Demographic and clinical characteristics at inclusion, according to treatment group (Analysis population, N = 53)

	PBM N = 27	Sham N = 26	Total N = 53
Female gender	n (%)	15 (55.6)	16 (61.5)	31 (58.5)
Age at inclusion, in years	Mean (SD)	72.4 (7.0)	73.7 (6.4)	73.0 (6.7)
Years of study	Mean (SD)	10.9 (4.5)	13.2 (3.6)	12.0 (4.2)
Time (years) since AD first symptoms	Median (range)	3.6 (1–11)	3.4 (1–14)	3.5 (1–14)
Time (years) since AD diagnosis	Median (range)	1.4 (0; 9)	1.4 (0; 6)	1.4 (0; 9)
Concomitant psychoanaleptics	n (%)	15 (55.6)	13 (50.0)	28 (52.8)
Acetylcholinesterase inhibitors	n (%)	9 (33.3)	8 (30.8)	17 (32.1)
Donepezil	n (%)	4 (14.8)	1 (3.8)	5 (9.4)
Rivastigmine	n (%)	3 (11.1)	6 (23.1)	9 (17.0)
Galantamine	n (%)	2 (7.4)	1 (3.8)	3 (5.7)
Memantine	n (%)	3 (11.1)	1 (3.8)	4 (7.5)
MMSE score [a]	Mean (SD)	20.5 (3.6)	20.2 (3.5)	20.4 (3.5)
ADAS-Cog [b]	Mean (SD)	20.4 (6.9)	23.1 (8.6)	21.7 (7.8)
ADAS-Cog comprehension sub-score	Mean (SD)	1.2 (1.1)	1.2 (0.9)	1.2 (1.0)
TMT Part B execution time (seconds)	Mean (SD)	213.9 (78.3)	191.6 (87.9)	203.9 (82.4)
Forward verbal span [c]	Mean (SD)	5.2 (1.1)	5.3 (1.0)	5.2 (1.1)

[a] MMSE is scored from 0 to 30, with a higher score indicating better performance. [b] ADAS-Cog is scored from 0 to 70, with higher scores (≥18) indicating greater cognitive impairment. Comprehension sub-score is scored from 0 to 5. [c] Forward verbal span score is the number of correct responses. ADAS-Cog, Alzheimer’s Disease Assessment Scale-cognitive Subscale; MMSE, Mini-Mental State Examination; PBM, photobiomodulation; TMT, Trail Making Test.

Investigational medical device

The PBM medical device, RGn530, developed by REGEnLIFE, consists of a helmet and an abdominal belt, both with integrated modules composed of several lighting source emitters. Those emitters are comprised of three pulsed laser diodes in the NIR spectrum (850 nm), three LEDs in the NIR spectrum (850 nm), and three LEDs in the red spectrum (660 nm). The photonic emissions are pulsed at a 10 Hz frequency through a ring-shaped magnet, creating an SMF. The helmet and abdominal belt are connected to a central unit. The sham device was identical to the PBM device, but all NIR emissions were inactivated, and red emissions were reduced to 10% of the emission power, as these emissions can be visible to the naked eye on the side of the modules. The magnetic field of the sham device was reduced by 50%. Research staff and patients were thus completely blinded to the treatment group allocations.

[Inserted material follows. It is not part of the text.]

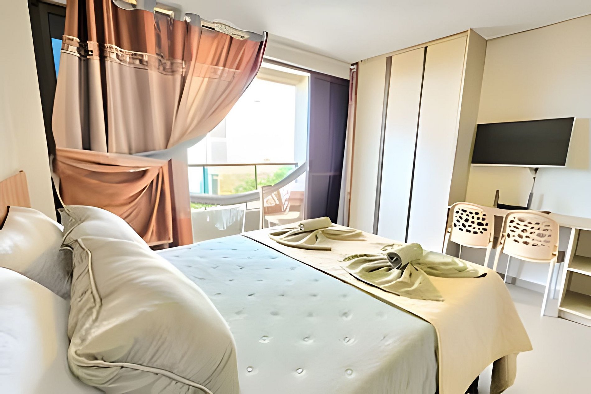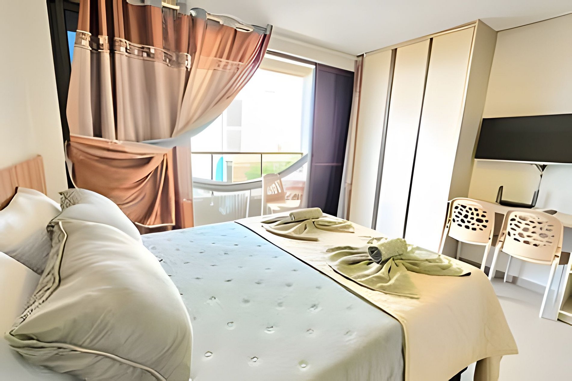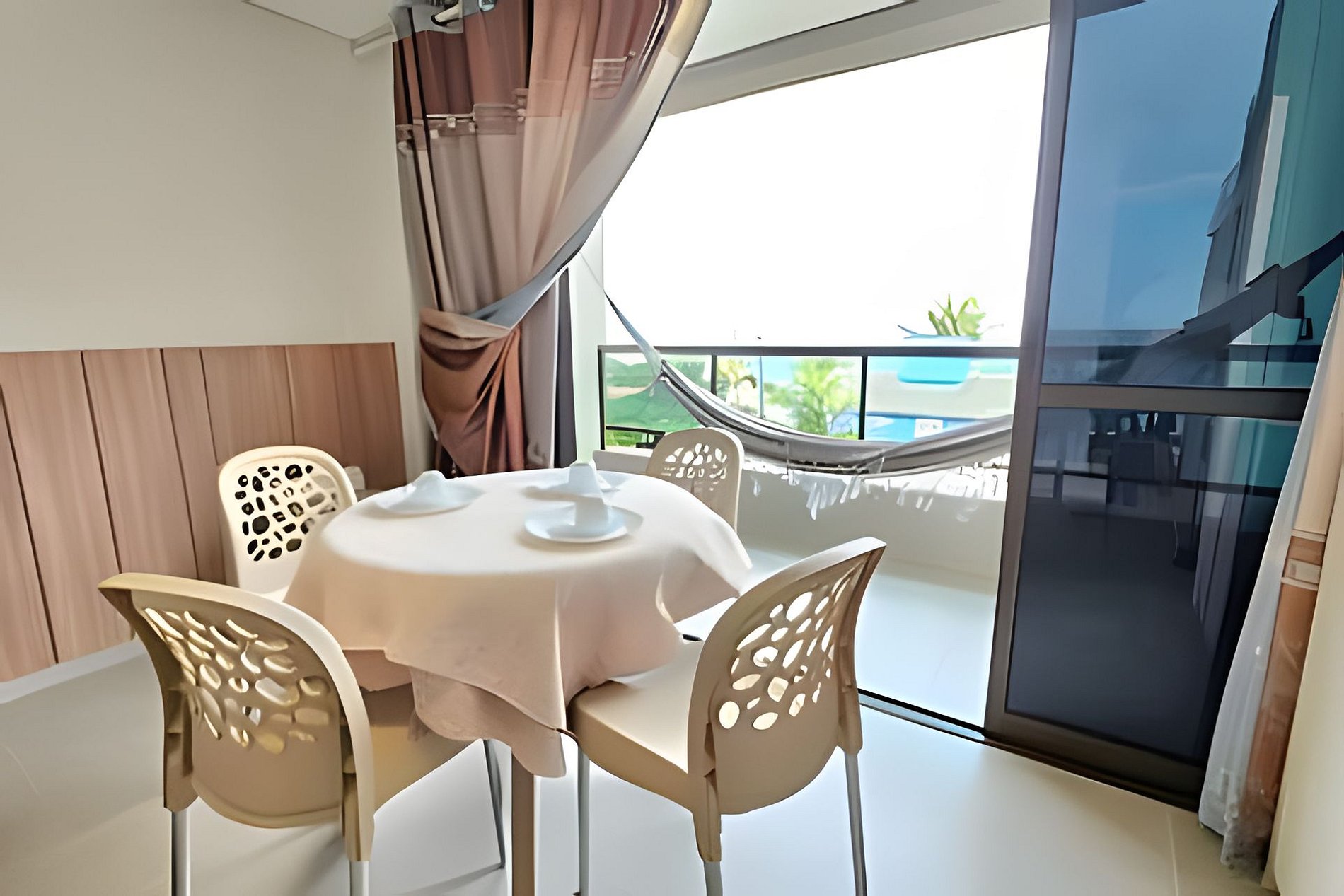 Apartamento bem amplo, projeto moderno, inteligente e prático e fica 60 metros da praia. Está disponível e ficariámos felizes com sua reserva.

During treatment, patients sat in a semi-recumbent position. The helmet and abdominal belt were positioned by the research staff according to user instructions. The helmet and abdominal belt were covered by a lightproof cap and blanket, so that the patients and the PBM operators did not have to wear laser safety glasses. Treatment was administered by the graphical user interface available on the central unit. The parameters associated with the treatment (power density, wavelength, fluence, pulse repetition frequency, timing, and magnetic field) could not be modified by the user. Each session ended automatically once the treatment cycle was complete.

Study assessments

Compliance with study treatment was recorded from the first (V1) to the last treatment session (V3 or earlier in the event of early withdrawal). The date, start time, and length of the session were recorded at each session. When appropriate, the reason why a session was not performed was recorded.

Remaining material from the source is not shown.